Přístupnostní navigace
E-application
Search Search Close
Master's Thesis
Author of thesis: Ing. Ondřej Bahounek
Acad. year: 2025/2026
Supervisor: Ing. Tomáš Goldmann, Ph.D.
Reviewer: Ing. Filip Pleško
This thesis investigates identity-preserving face generation conditioned on embeddings produced by pre-trained face recognition models. The proposed framework utilizes diffusion-based generative models together with classifier-free guidance to synthesize realistic facial images corresponding to a target identity while allowing stochastic variation in pose, expression, lighting, and background conditions. The work builds upon and extends the concepts introduced by the ID3PM framework, which utilizes face recognition embeddings as a conditioning signal within a Denoising Diffusion Probabilistic Model (DDPM) architecture. Several modifications to the embedding injection mechanisms are proposed, including decoupled projection layers and variants that separate the modulation of temporal and identity signals within Adaptive Group Normalization layers. In addition, embedding processing networks designed to improve latent disentanglement are investigated. The impact of these architectural modifications is analyzed with respect to image fidelity, identity preservation, and the semantic structure of the latent space. In addition to identity-conditioned synthesis, the thesis focuses on semantic manipulation of generated faces through direct modification of the input embeddings. Facial attributes are controlled using methods such as linear semantic directions obtained from Support Vector Machine classifiers and a proposed iterative gradient-guided optimization approach utilizing non-linear classifiers. The framework further demonstrates the generation of novel synthetic identities through latent space interpolation and unconditional generation enabled by classifier-free guidance. The proposed methods are evaluated both quantitatively and qualitatively, including a comparison with the state-of-the-art Arc2Face model. The results demonstrate that the framework provides an effective solution for high-quality face generation and controllable semantic manipulation, highlighting its practical utility for synthetic face generation and dataset augmentation.
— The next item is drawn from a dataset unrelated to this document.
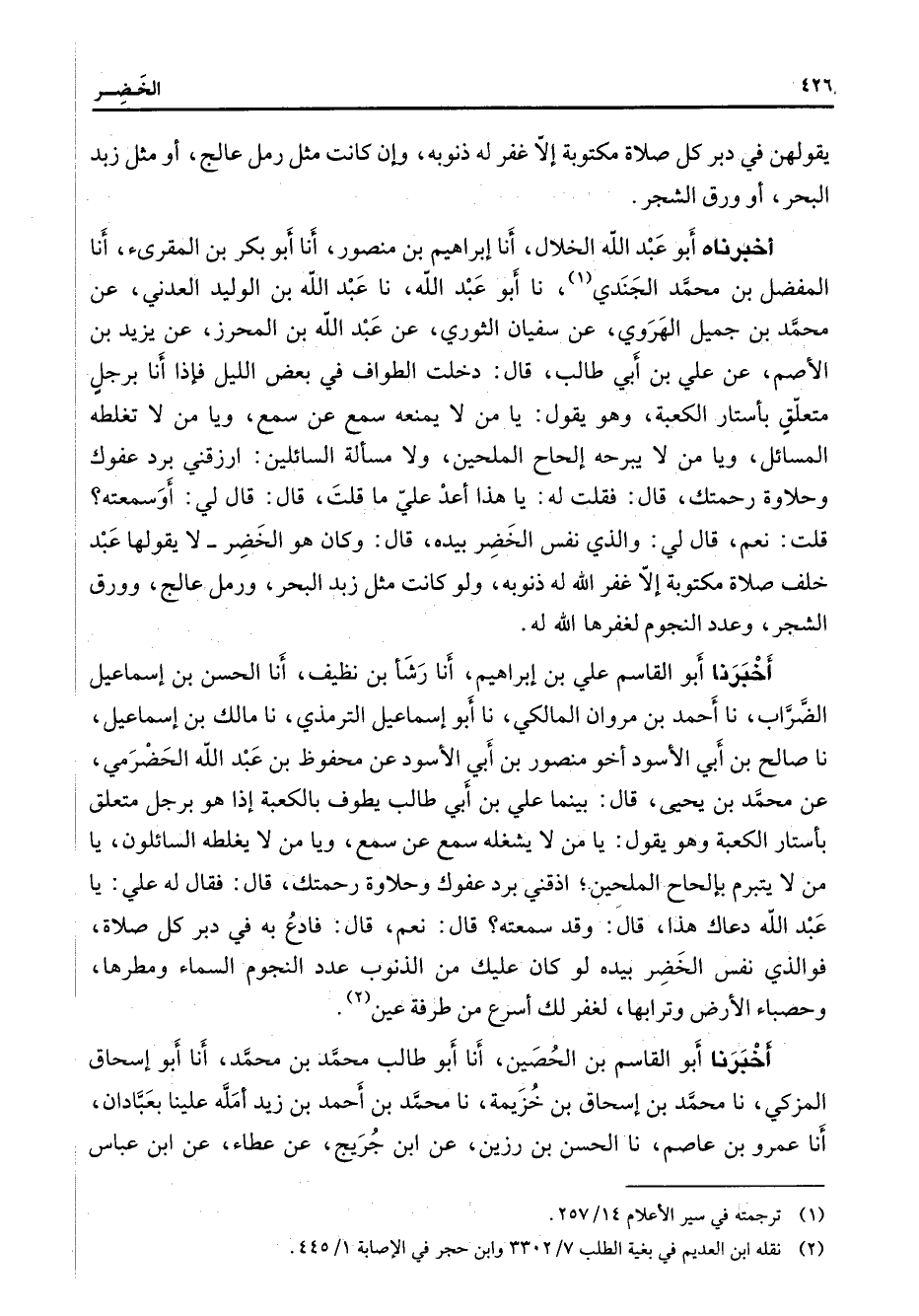 يقولهن في دبر كل صلاة مكتوبة إلا غفر له ذنوبه وإن كانت مثل رمل عالج أو مثل زبد البحر أو ورق الشجر أخبرناه أبو عبد الله الخلال أنا إبراهيم بن منصور أنا أبو بكر بن المقرئ أنا المفضل بن محمد الجندي (1) نا أبو عبد الله نا عبد الله بن الوليد العدني عن محمد بن جميل الهروي عن سفيان الثوري عن عبد الله بن المحرز عن يزيد بن الأصم عن علي بن أبي طالب قال دخلت الطواف في بعض الليل فإذا أنا برجل متعلق بأستار الكعبة وهو يقول يا من لا يمنعه سمع عن سمع ويامن لا تغلطه المسائل ويا من لا يبرحه إلحاح الملحين ولا مسألة السائلين ارزقني برد عفوك وحلاوة رحمتك قال فقلت له يا هذا أعد علي ما قلت قال قال لي أو سمعته قلت نعم قال لي والذي نفس الخضر بيده قال وكان هو الخضر لا يقولها عبد خلف صلاة مكتوبة إلا غفر الله له ذنوبه ولو كانت مثل زبد البحر ورمل عالج وورق الشجر وعدد النجوم لغفرها الله له أخبرنا أبو القاسم علي بن إبراهيم أنا رشأ بن نظيف أنا الحسن بن إسماعيل الضراب نا أحمد بن مروان المالكي نا أبو إسماعيل الترمذي نا مالك بن إسماعيل نا صالح بن أبي الأسود أخو منصور بن أبي الأسود عن محفوظ بن عبد الله الحضرمي عن محمد بن يحيى قال بينما علي بن أبي طالب يطوف بالكعبة إذا هو برجل متعلق بأستار الكعبة وهو يقول يا من لا يشغله سمع عن سمع ويا من لا يغلطه السائلون يا من لا يتبرم بإلحاح الملحين اذقني برد عفوك وحلاوة رحمتك قال فقال له علي يا عبد الله دعاك هذا قال وقد سمعته قال نعم قال فادع به في دبر كل صلاة فوالذي نفس الخضر بيده لو كان عليك من الذنوب عدد النجوم السماء ومطرها وحصباء الأرض وترابها لغفر لك أسرع من طرفة عين (2) أخبرنا أبو القاسم بن الحصين أنا أبو طالب محمد بن محمد أنا أبو إسحاق المزكي نا محمد بن إسحاق بن خزيمة نا محمد بن أحمد بن زيد أمله علينا بعبادان أنا عمرو بن عاصم نا الحسن بن رزين عن ابن جريج عن عطاء عن ابن عباس

face generation, face recognition embeddings, diffusion models, DDPM, identity preservation, semantic manipulation, synthetic datasets, ID3PM, Arc2Face
Date of defence
25.06.2026
Result of the defence
Defended (thesis was successfully defended)
Grading
A
Process of defence
Student nejprve prezentoval výsledky, kterých dosáhl v rámci své práce. Komise se poté seznámila s hodnocením vedoucího a posudkem oponenta práce. Student následně odpověděl na otázky oponenta a na další otázky přítomných. Komise se na základě posudku oponenta, hodnocení vedoucího, přednesené prezentace a odpovědí studenta na položené otázky rozhodla práci hodnotit stupněm A.
Topics for thesis defence
Language of thesis
English
Faculty
Fakulta informačních technologií
Department
Department of Intelligent Systems
Study programme
Information Technology and Artificial Intelligence (MITAI)
Specialization
Machine Learning (NMAL)
Composition of Committee
prof. Dr. Ing. Jan Černocký (předseda) prof. Ing. Hynek Heřmanský, Dr. Eng. (místopředseda) prof. RNDr. Alexandr Meduna, CSc. (člen) Ing. Michal Hradiš, Ph.D. (člen) Ing. František Grézl, Ph.D. (člen) Ing. Martin Fajčík, Ph.D. (člen)
Supervisor’s reportIng. Tomáš Goldmann, Ph.D.
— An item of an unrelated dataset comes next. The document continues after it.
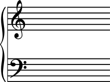 A vertical line drawn to the left of multiple staves creates a system, indicating that the music on all the staves is to be played simultaneously. A bracket is an additional vertical line joining staves to show groupings of instruments that function as a unit, such as the string section of an orchestra. A brace is used to join multiple staves that represent an instrument, such as a piano, organ, harp, or marimba.[3] Sometimes a second bracket is used to show instruments grouped in pairs, such as the first and second oboes or first and second violins in an orchestra.[4] In some cases, a brace is used for this purpose.[3][5]

Overall, I consider the thesis to be complete and fulfilled in all required aspects. While the resulting solution did not surpass the performance of current state-of-the-art approaches, the student properly discussed the shortcomings of his work and drew attention to the complexity of evaluation methods, which can be significantly influenced by factors such as image resolution. Regarding the student's approach, the number of consultations was limited; however, the student consistently presented his progress during meetings and had a clear vision of the direction of the work. Although the methods employed do not bring fundamental innovation, their evaluation is thorough and clearly highlights the advantages and disadvantages of the chosen solution. Having considered all aspects, the student's approach to the thesis is evaluated as excellent (A).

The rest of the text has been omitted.